I would be grateful if you could answer my questions.

  1. Is it possible to configure separate network adapter for each container. For example as analogy to VMs. For instance first container would have 2 network interfaces first is local network between container, second is bridge network. Second containe would have only one local network adapter ?

  2. Is it possible to have two containers bridge adapters, so each of container will request my DHCP server to lease IP address the same as bridge adapter in Virtual Box. One container runs Apache2 web server and gets 192.168.0.10 IP from router, another one runs Nginx server and gets 192.168.0.11 IP from router. Than I can forward ports to this IP on my router ?

  3. As I’ve understood, docker just creates new process group isolated by kernel, and uses chroot to create own working directory from existing root one, so all installed software will be available in container, but when I install new software it will be installed in chrooted directory which is really located somewhere in real root directory but has symbolic links to previously installed software ?

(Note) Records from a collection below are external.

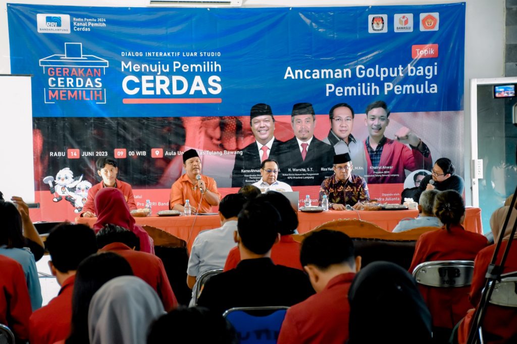 Urgensi Pengawasan Pemilu Tahun 2024 Di Provinsi Lampung, Materi tersebut disampaikan oleh Anggota Bawaslu Lampung Karno Ahmad Satarya pada saat menjadi narasumber dalam acara Dialog Interaktif Menuju Pemilih Cerdas dengan topik Ancaman Golput Bagi Pemilih Pemula yang diselenggarakan oleh RRI di Aula Universitas Tulang Bawang, Rabu (14/06).
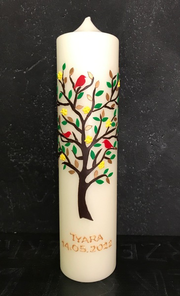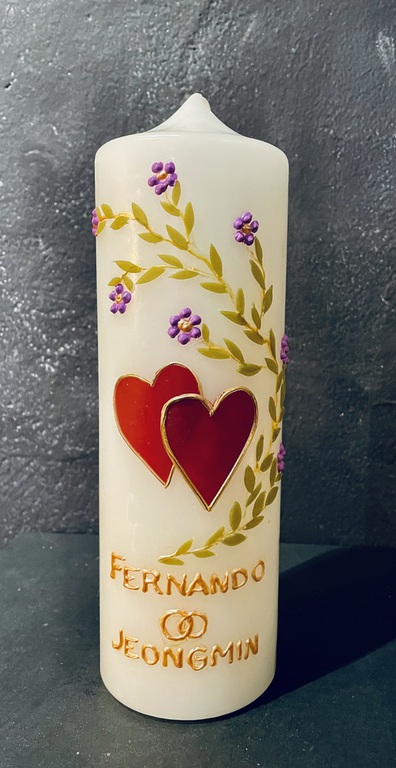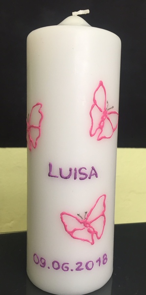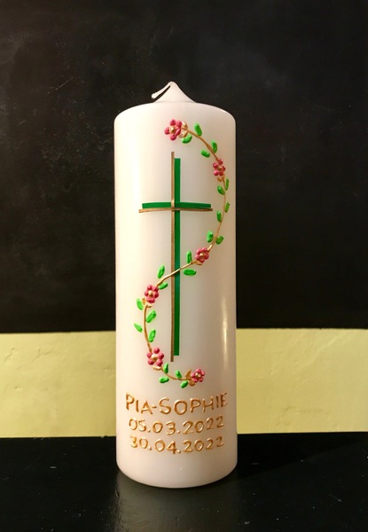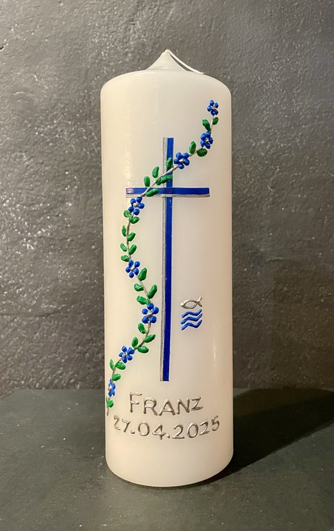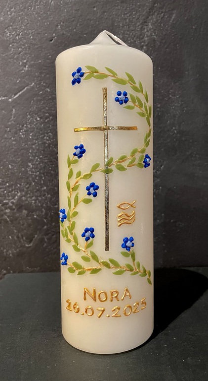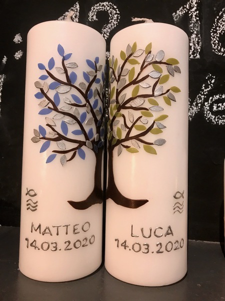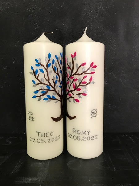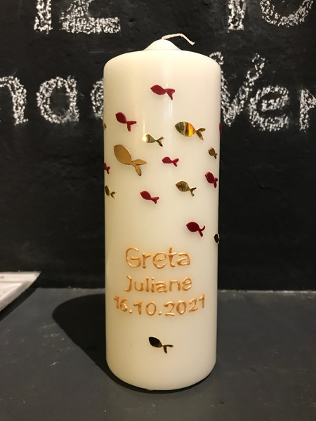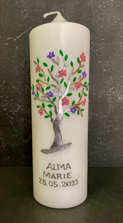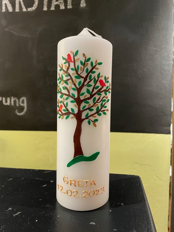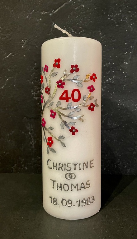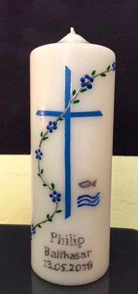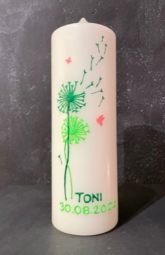 Auf Wunsch gestalte ich Kerzen für verschiedene Anlässe, zum Beispiel für Hochzeiten, Geburtstage oder zur Taufe.
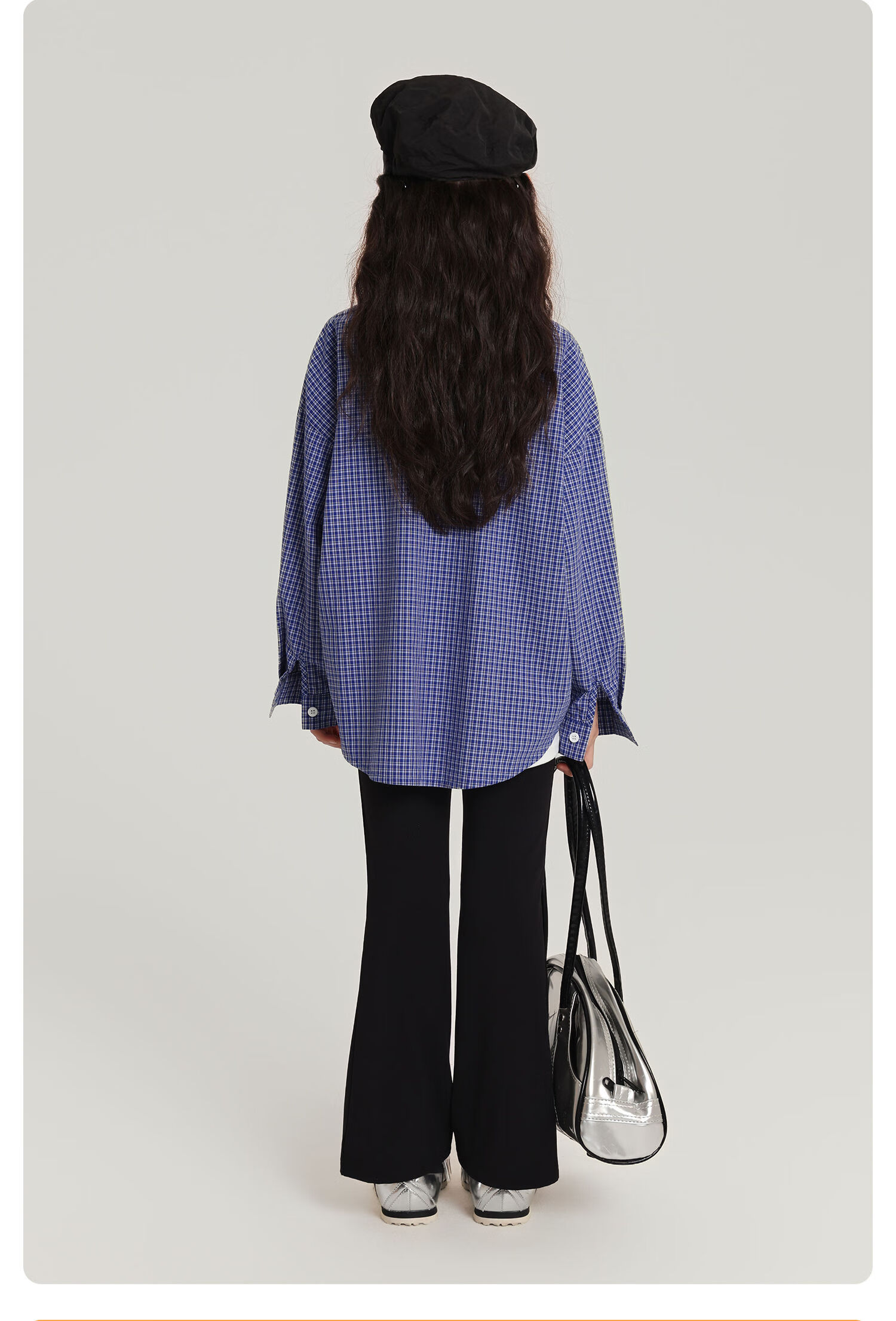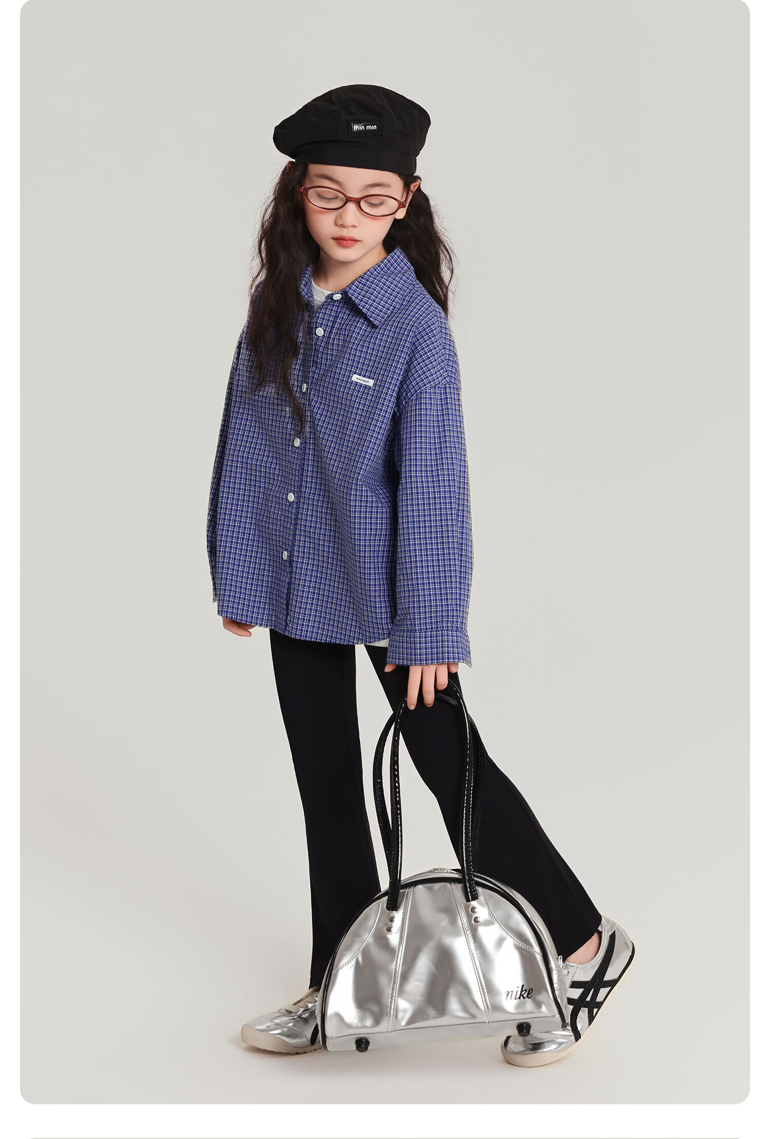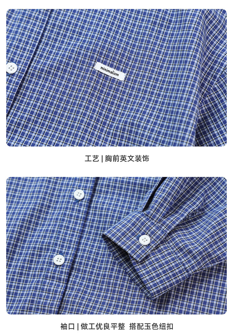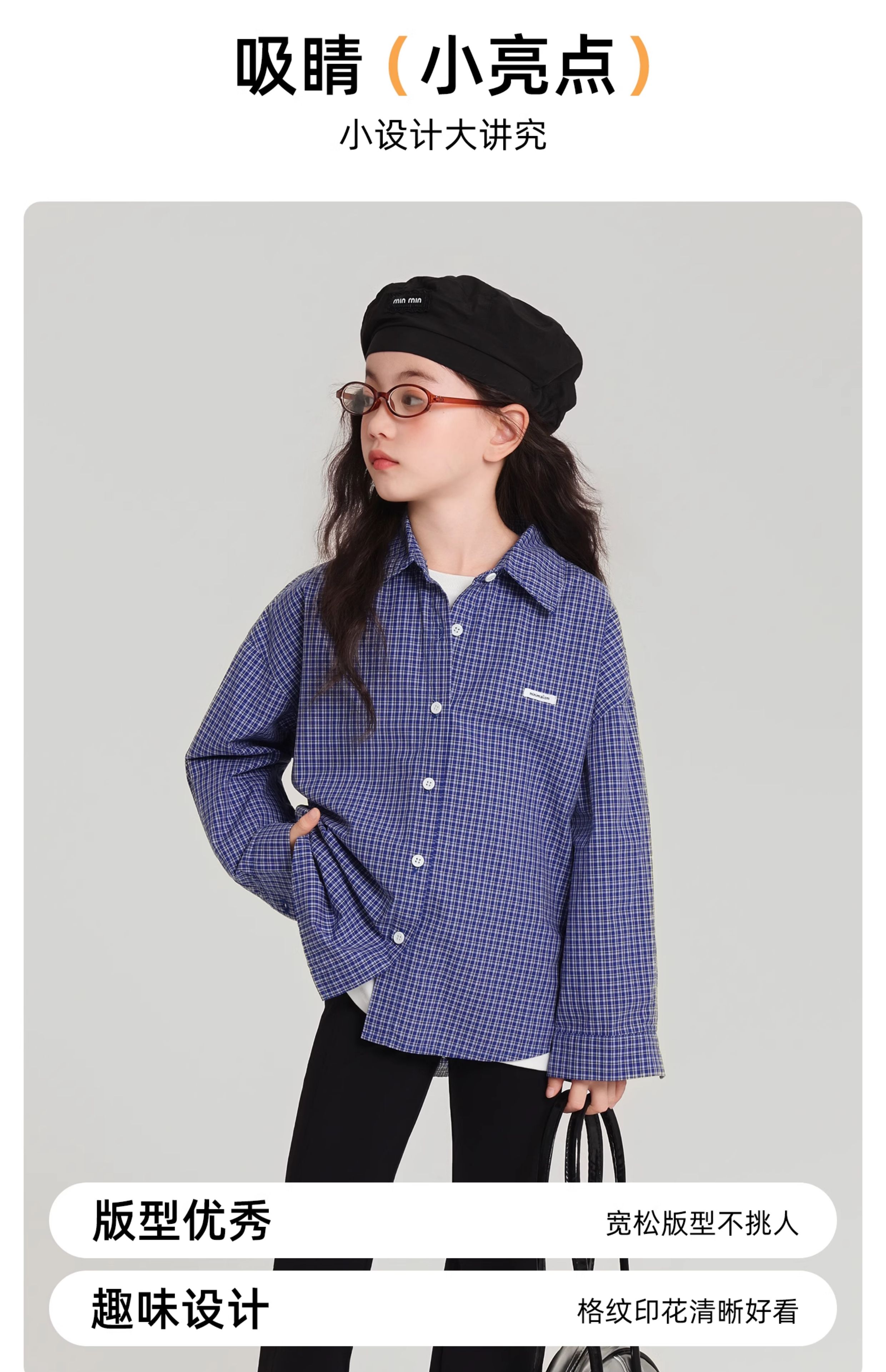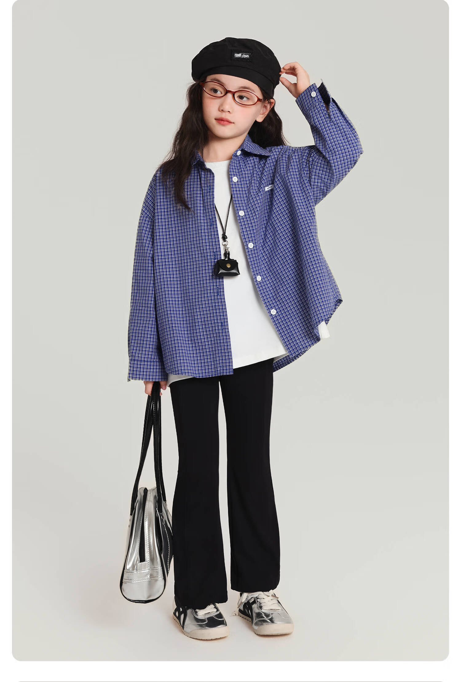 Pudding Haru 100% Cotton Girls Loose Plaid Shirt 2026 Spring and Autumn New Style Medium and Large Children Simple Fashionable Versatile Top Blue 170

I would be grateful for any answer or help.

Thank you.

As a general rule, containers start up with IP addresses preassigned and don’t run their own DHCP clients. Other configurations are certainly possible, but standard images won’t expect them.

The other corollary to this is that it’s unusual to need containers’ IP addresses. When you need to access services running in containers, use the docker run -p option to expose a port from the container via a port on the host system.

I think you’re asking, “can software in a container access the host filesystem directly”, and the answer is “no”. Whatever software you need to run within a container needs to already be installed in that container’s image before you can run it. You can’t directly access the host’s filesystem or other containers’ filesystems. (Connect containers together via TCP sockets.)